TASK DESCRIPTION =
Verbatim copy without images: return all of the data as it stands.

EXCERPTED DATA =
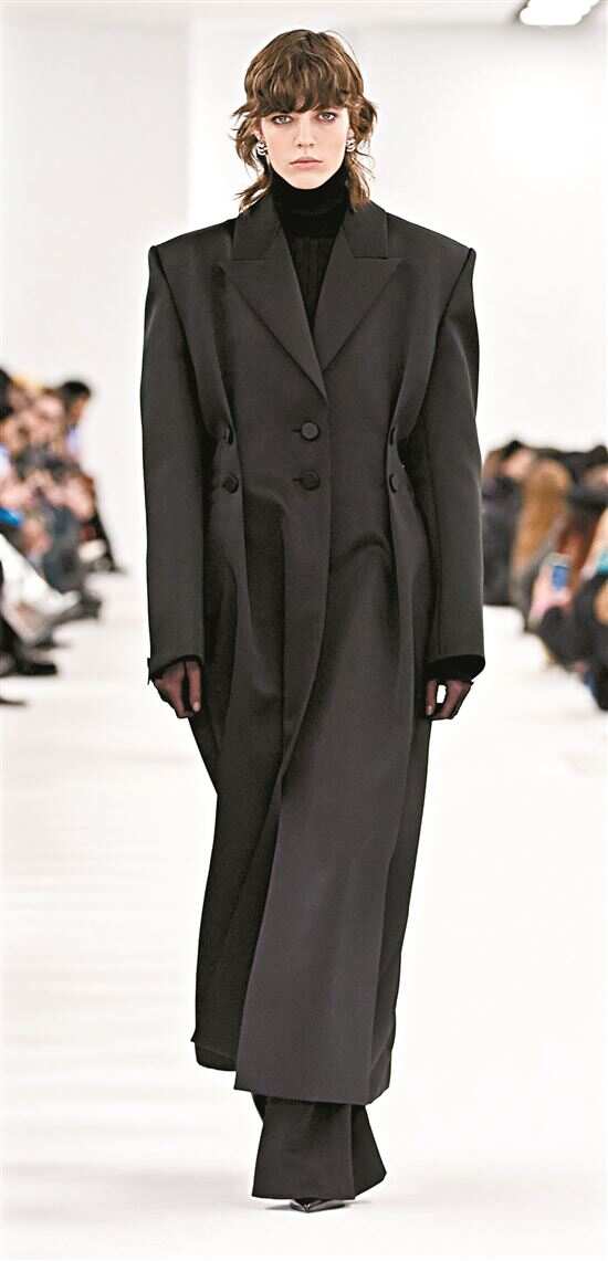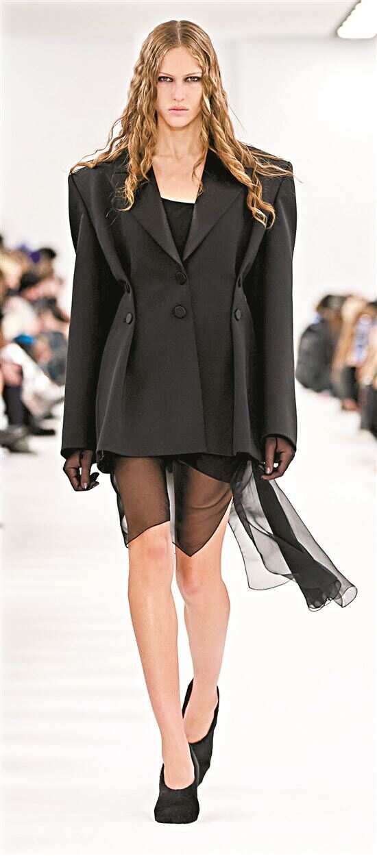 ■Givenchy 2023秋冬系列在西装常见的垫肩廓形上增加了捏折细节,以纽扣作为收腰设计增加折叠感,薄纱、褶皱等元素的加入让服装也流动起来。(Givenchy 2023秋冬)
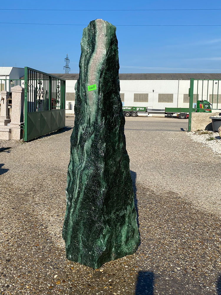 Herrlich gefärbter und geaderter Quarzit mit hohem Fuchsit-Anteil aus dem hohen Norden (Herkunft: Norwegen – Oberhalb des Polarkreises!). Das satte tiefe Grün dieses Materials sucht seinesgleichen. Das Material ist 100% frostsicher!
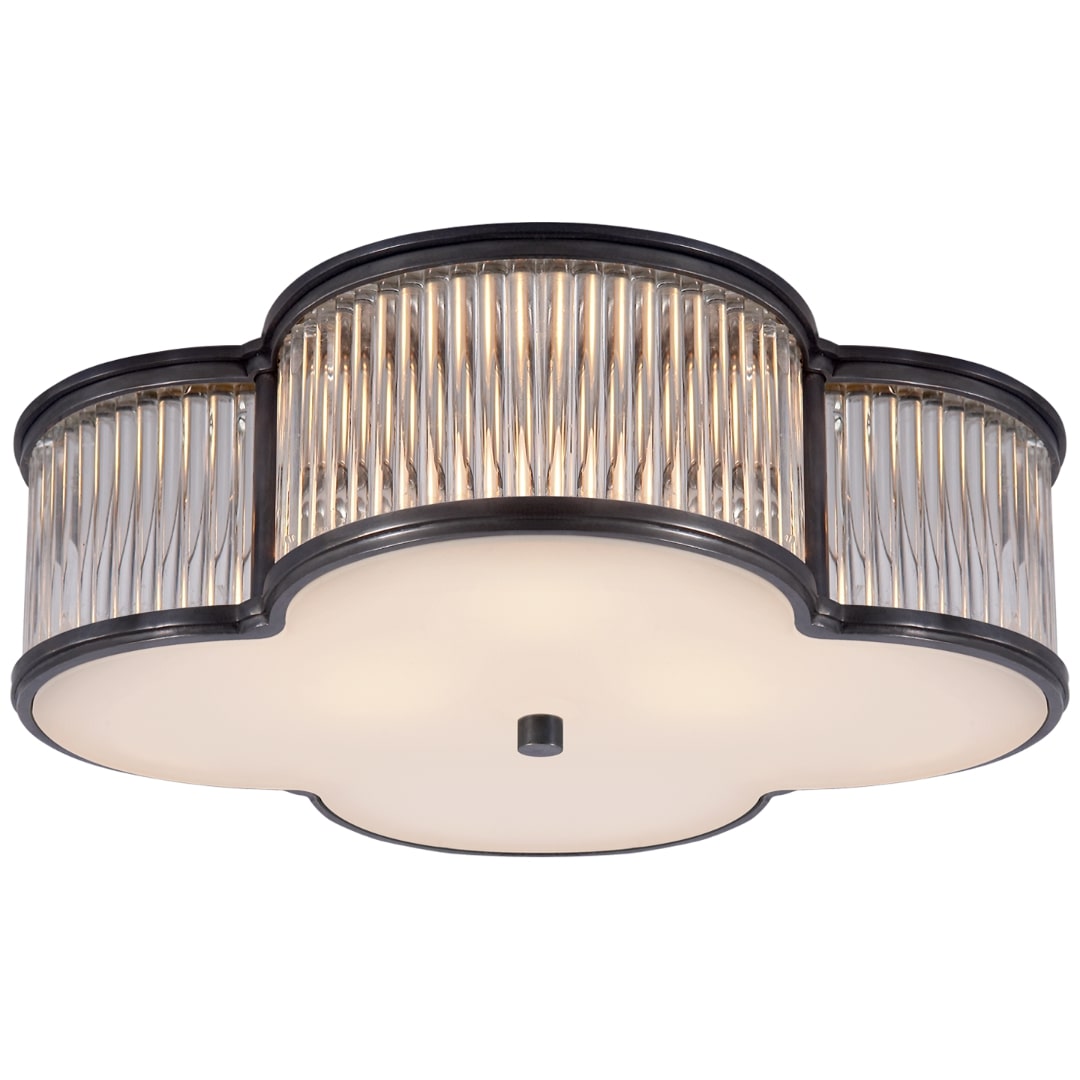 Потолочный светильник Basil от премиального американского бренда Visual Comfort. Основание выполняется из стеклянных трубок и металла, который покрывается лаком в цвете черная эмаль. Диффузор выполнен из матового стекла. Работает от 3 лампочек максимальной мощностью 60 Вт.
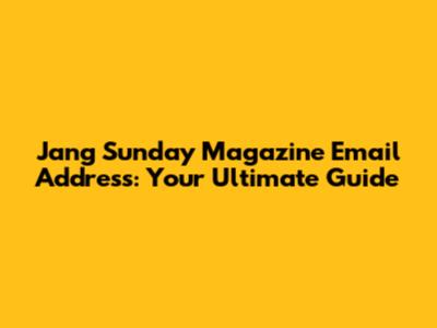 Jang Sunday Magazine: Your Guide To Contacting Them
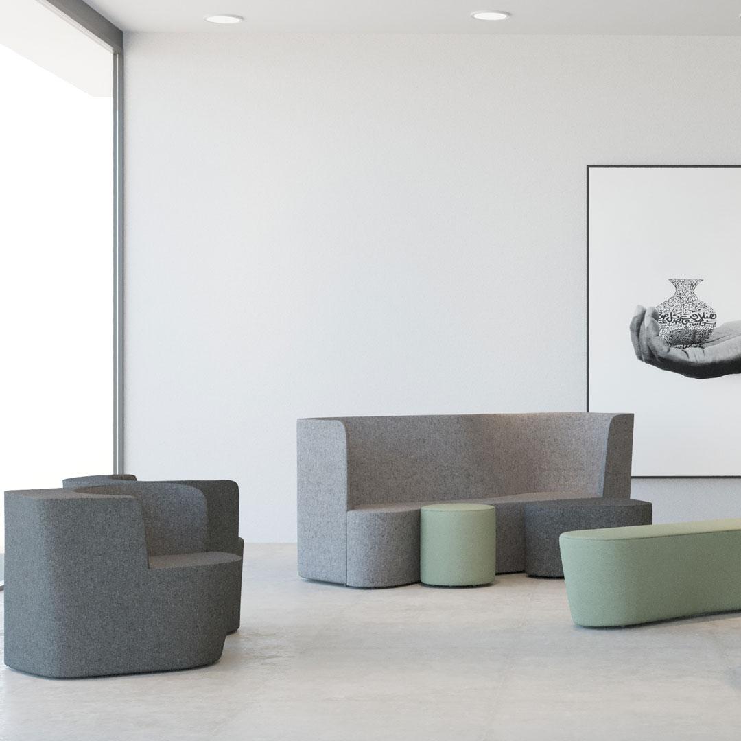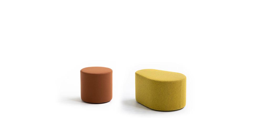 La collezione TABA è composta da otto pezzi: un divano, due poltrone, cinque ottoman. Questi offrono una vasta gamma di possibili usi sia in aree pubbliche che private.
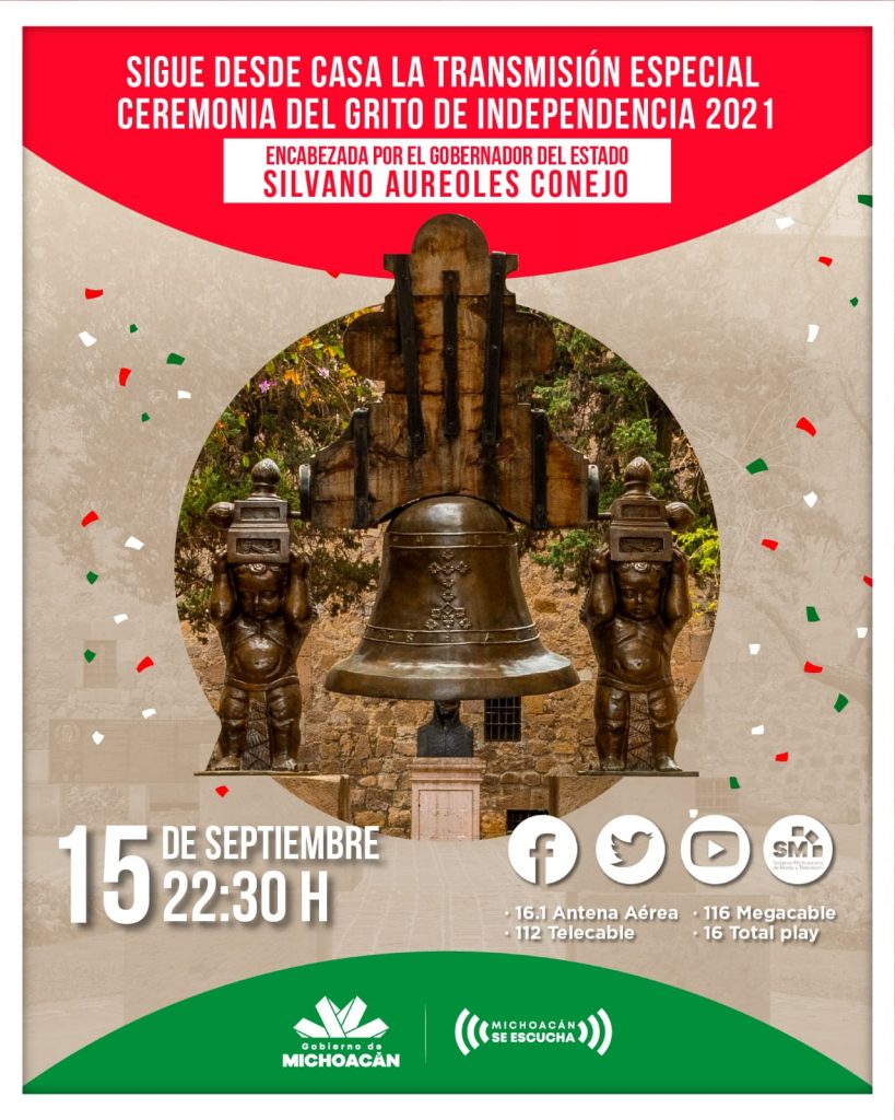 En atención al cuidado de la salud por el COVID-19, en esta ocasión los festejos patrios se realizarán a la distancia, con el objetivo de privilegiar la salud de las y los michoacanos.

WRITTEN REPLY =
 ■Givenchy 2023秋冬系列在西装常见的垫肩廓形上增加了捏折细节,以纽扣作为收腰设计增加折叠感,薄纱、褶皱等元素的加入让服装也流动起来。(Givenchy 2023秋冬)
 Herrlich gefärbter und geaderter Quarzit mit hohem Fuchsit-Anteil aus dem hohen Norden (Herkunft: Norwegen – Oberhalb des Polarkreises!). Das satte tiefe Grün dieses Materials sucht seinesgleichen. Das Material ist 100% frostsicher!
 Потолочный светильник Basil от премиального американского бренда Visual Comfort. Основание выполняется из стеклянных трубок и металла, который покрывается лаком в цвете черная эмаль. Диффузор выполнен из матового стекла. Работает от 3 лампочек максимальной мощностью 60 Вт.
 Jang Sunday Magazine: Your Guide To Contacting Them
 La collezione TABA è composta da otto pezzi: un divano, due poltrone, cinque ottoman. Questi offrono una vasta gamma di possibili usi sia in aree pubbliche che private.
 En atención al cuidado de la salud por el COVID-19, en esta ocasión los festejos patrios se realizarán a la distancia, con el objetivo de privilegiar la salud de las y los michoacanos.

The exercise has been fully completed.